Letter M

232. Ma‘ān, aṭ-Ṭōr |  معان، الطور

Ma‘ān Governorate

Maqām / Weli Shēkh ‘Abd Allāh.

JADIS no. none

MEGA no. none

Coordinates: 30°12'30.0"N 35°44'20.0"E

30.208333, 35.738889

 

 

Plan: The tomb of the Shēkh was located with those of other members of his family in a rectangular building covered with a flat roof carried by transversal arches. One door at one of the short sides of the maqām.

Measurements: The new enclosure wall out of concrete blocks coincides exactly in orientation and dimension

with the exterior walls of the demolished maqām (oral information AKh).

Exterior: unknown.

Interior: unknown.

Building Materials: sun dried mud-brick combined with semi-dressed fieldstones for the arches; traditional roof of pealed wooden beams, cane mats and hay-mud layer on top.

Construction details: The rectangular room was divided by two (or three?) transversal arches which carried a flat roof in traditional wood, cane mats and mud construction (figs. 232.3-4). The interior walls had been covered by a whitewashed mud plaster.

Preservation: The old mud-brick building has been demolished in the earlier 2000s. Today the tomb is without access surrounded by a new enclosure wall with two marked humble burials of members of his family (fig.232.2). Miettunen (2013) explains this by the loss of the Shēkh’s importance in local veneration.

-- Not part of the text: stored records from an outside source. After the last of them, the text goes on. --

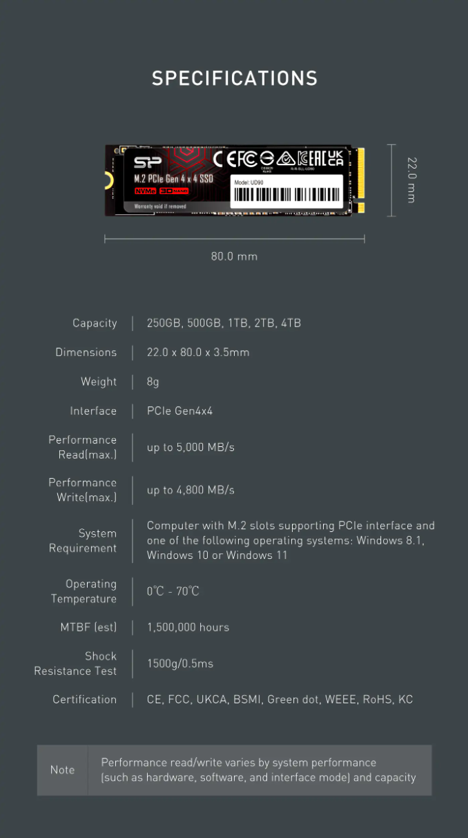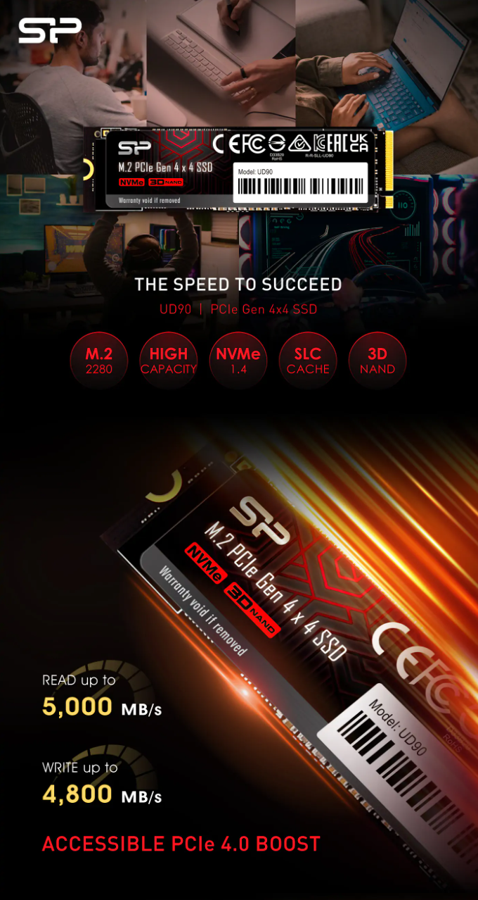 Silicon Power 1TB UD90 NVMe 4.0 Gen4 PCIe M.2 SSD R/W up to 5,000/4,800 MB/s
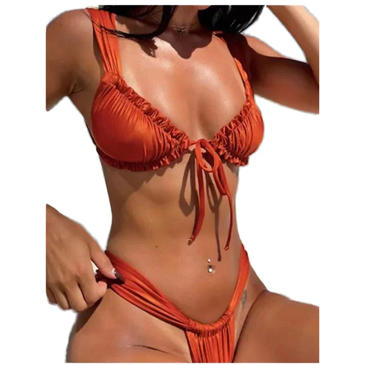 MLY Ruffle Bikini Summer Two Piece Suit Sexy Swimwear Bandage Biquini Triangle Swimsuit Printed Bathsuit
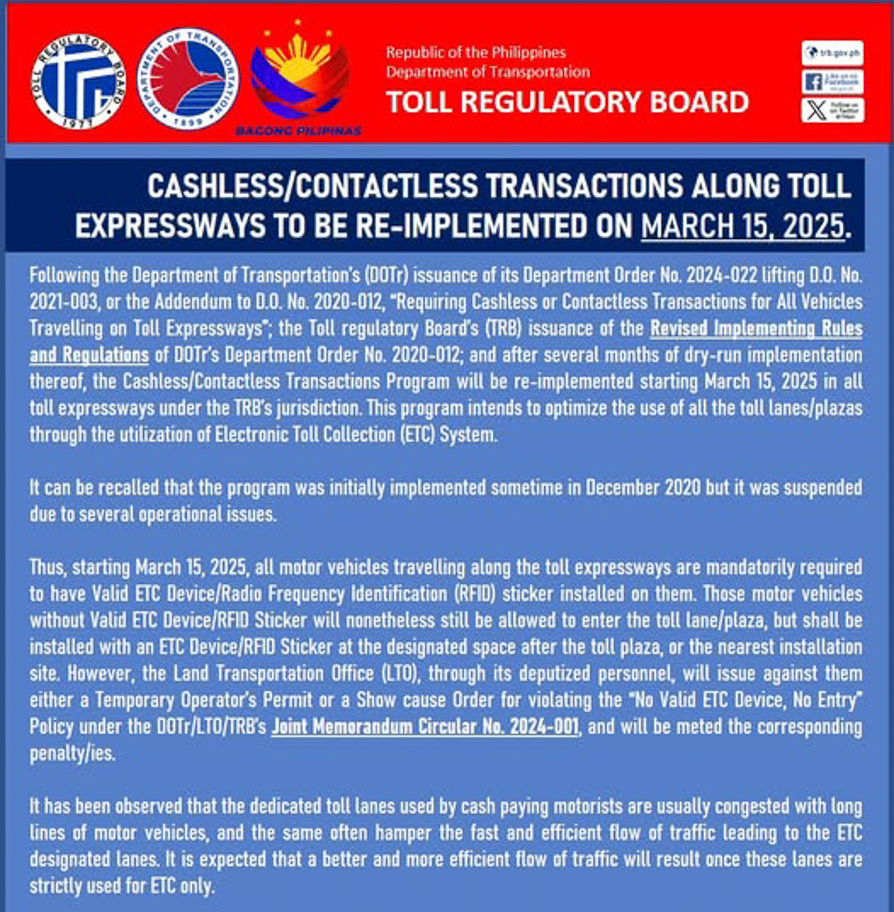 Fast forward to 2025, the TRB has announced that cashless/contactless toll collection will be fully reimplemented on March 15. This comes after the DOTr's issuance of Department Order No. 2024-022 which lifted D.O. No. 2021-003, or the Addendum to D.O. No. 2020-012, “Requiring Cashless or Contactless Transactions for All Vehicles Travelling on Toll Expressways”.
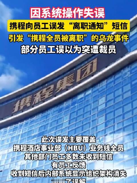 携程误发离职通知:一场乌龙,戳穿多少职场真相 携程全员离职乌龙太荒诞 一条短信,让数百名携程员工体验了“惊魂两小时”。“感谢一路相伴”的离职话术突然轰炸手机,搭配内部系统组织架构消失的诡异现象,任谁都会瞬间脑补“被裁员”的剧本。 这场闹剧的真相——系统迁移时HR未禁用离职短信模板的操作失误,看似偶然,实则暴露了大厂管理的致命漏洞。 号称日访问量过亿的核心办公平台,竟拦不住一条敏感短信的误发?关键操作仅靠二级部门HR独立执行,连基本的复核机制都没有? 更讽刺的是,公司一边推行“居家办公自由”的人性化福利,一边在关乎员工安全感的细节上形同虚设。 乌龙背后,是职场人的集体焦虑。超60%互联网从业者担忧职业稳定性的当下,一条误发的离职通知就能引发全网恐慌,本质是就业市场不确定性的投射 。携程的致歉和涉事HR的带薪休假,终究掩盖不了流程缺失的硬伤。别把管理疏漏当“乌龙”,员工的信任,经不起这样的草率消耗! 携程
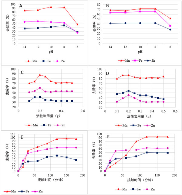 在分批吸附研究中,pH值是一個(gè)重要因素,它會通過改變所用吸附劑的表面電荷分布來影響吸附過程。在6和14的范圍內(nèi)觀察到木材加工廢水中重金屬(Mn、Fe和Zn)的pH相關(guān)影響。圖3A、B清楚地表明,當(dāng)纖維板加工廢水中的Mn、Fe和Zn分別使用pH8時(shí),兩種活性炭均獲得最佳結(jié)果。

Inscription(s): At the head end of the Shēkh’s tomb is an inscribed stone, the top of which is broken away and lost. According to I. Lindtstedt (in Miettunen 2013, 107 note 404) the inscription reads:

 

Translation (according Lindtstedt, loc. cit.): “... buried in the year he executed / which (?) ǀ the buildings of castles and water pools ǀ on the pilgrimage road from Ḥarrān / Ḥawrān (or some other toponym) ǀ...[God guides] who he wills (or a similar phase) ǀ The year [1]262.” Date: H 1262 = AD 1845. (Lindtstedt's reading of the year seems doubtful, since the construction of the Qal‘ā was H 971 = 1563 AD)

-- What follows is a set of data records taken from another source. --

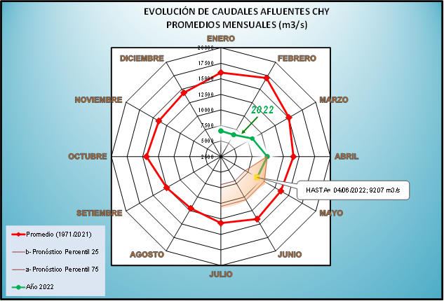 El caudal afluente a la CHY diario, pronosticado para la fecha de hoy es de 17.000 m3/s, y para el día de mañana se espera una afluencia del orden de 16.100 m3/s.
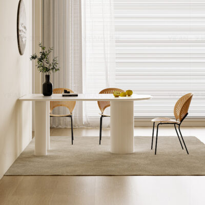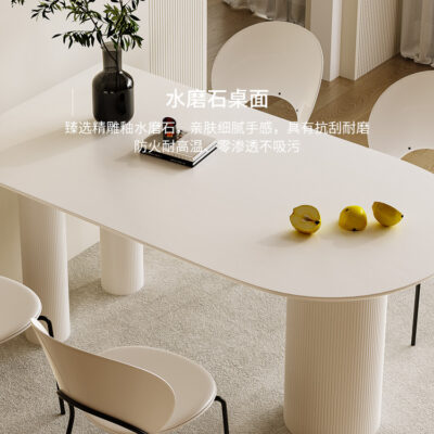 Bàn ăn kết hợp bàn ghế đá gió màu kem Pháp căn hộ nhỏ ánh sáng sang trọng hiện đại bán đảo gỗ nguyên khối bàn ăn gia đình
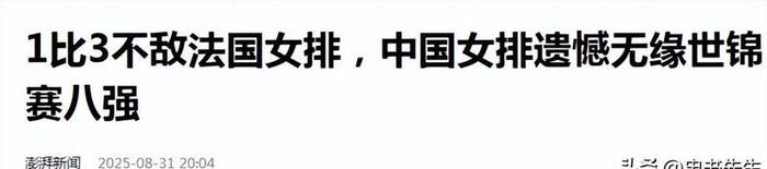 中国女排止步世锦赛十六强,比分是1-3,对手是法国女排。这一下,十五年里的“最差战绩”挂上了墙,姑娘们赛后落泪,镜头拉近,都是不甘心的眼神。
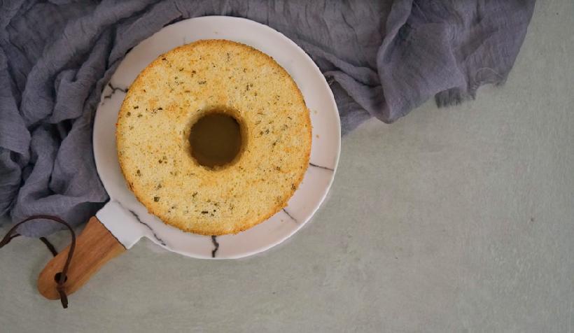 烤好后取出,第一时间在台面磕一下,把大部分热气震出,接着倒扣晾凉即可;我又得啰嗦一句:配方中我虽然用的是中空模,如果大家在家用圆模做,也是要倒扣晾凉的,记住啊!取出→磕一下→倒扣→完全晾凉→脱模。
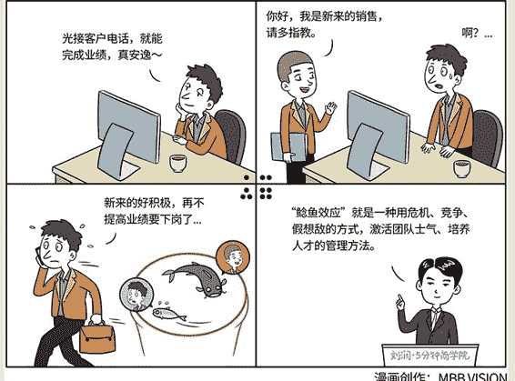 第一,招些新的销售,作为鲶鱼,扔到销售部。这样,平均每个销售接到的客户电话数,就不足以完成业绩了。鲶鱼带来了竞争,大家必须去寻找新客户,或者提高服务水平,增加转化率。

Traveler Reports: “....A Ma‘ân, le cheikh ‘Abdallah jouit d’un culte incontesté. Ce personnage monta du désert et vint s’installer dans la ville. Il fit bien sans se remarquer. A sa mort, un de ss parents déclara qu‘il était au rang des wélys, par conséquent il pouvait guérir les maladies de quiconque s’adrésserair à lui et honererait son tombeau.‘ Un pauvre hère’ ma raconta mon interlocuteur, ‘ne pouvait se soulager; il était sur le point de mourir au milieu d’atroces souffrances; il se traina au tombeau d’‘Abdallah, se coucha auprès du wély, fit une prière. Quand il se leva, it était guéri.’ (Jaussen 1908).

Bibliography: Jaussen 1908, 297; Arabia Petraea III, 331; Miettunen 2013, 106-107 no. 17; 210 fig. 16; Schick 2020, no. 67.